Litigation is an action presented in court for the purpose of enforcing a specific right. The process or act of bringing a lawsuit in and itself becoming a judicial contest or a dispute. An individual enters the litigation process when he/she begins a civil lawsuit. In other words, it is the act of filing a lawsuit in a law court, exchanging information with the defendant through discovery and then resolving the case either by settling out of the court or taking the case to a jury or judge to decide.

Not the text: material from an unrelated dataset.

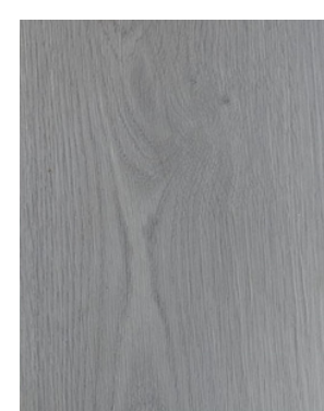
Luna Grey XL

When do you need to litigate?

A legal dispute has come to light so you not only want to take the person to court but also litigate and win. But wait! Why would you want to litigate in the first place? In most cases, litigation might be the only and most appropriate solution to resolve a dispute. You need litigation when you want to:

Set a precedent

Maybe you’re right (or at the minimum, you think you’re right) and you require to set a precedent in order to preempt or discourage similar claims soon or send a specific message to others regarding you. You might want to choose litigation to set a precedent that you are not a pushover or don’t want to be coerced into rolling over in a bogus dispute.

Securing your intellectual property

Among the most crucial assets is your company’s intellectual property (“IP”) and protecting it is an essential move. Litigation may be the only avenue to enhance IP protection that others will both see and respect. Nevertheless, litigating protection of an IP infringement can be a double-edged sword if your patent is expired or found to be invalid.

Resolving a public policy matter

Public policy issues are usually impractical to address especially through legislation or other authoritative policy-setting ways. This is because both can need huge budgets, move at a glacial pace or require expertise that is out of reach for most businesses or individuals. Sometimes resorting to litigation in order to make your public policy might be the best move.

For instance, if a certain agency is looking at how you treat your employees and whether you offer them enough meal breaks or how you classify the workers as contractors or employees. At this point, you might want to litigate the matter rather than waiting for the agency to make a decision. When pressed on such public policy matters by others, it makes sense if you prefer to litigate the issue instead of conceding all the issues, particularly when the new policy is danger-posing to your business.

Need a jury decision

You might want a jury to decide your case especially when someone has an emotionally appealing story to tell. This is among the most common strategic reason to litigate an employment or personal injury case.  Moreover, it can be employed on waste cases or product liability or hazardous/toxic exposures where illnesses, as well as other medical issues, are caused by that company or industry behavior. These are but a few examples where a jury is desirable in many kinds of cases.

The bigger picture!

Despite litigating or settling before suit is filed, always consult your attorney or lawyer especially when injured. Your attorney will clearly explain to you the benefits and risks of litigating. Even though litigation can be quite expensive, working with an experienced and confident attorney guarantees a win in any dispute.


Litigation is an appropriate option to resolve disputes in various situations. Keep in mind that litigation will not come cheaply – it’s associated with time, money or distractions of your life or business. Essentially, ensure that stakes are high and sufficient to warrant everything.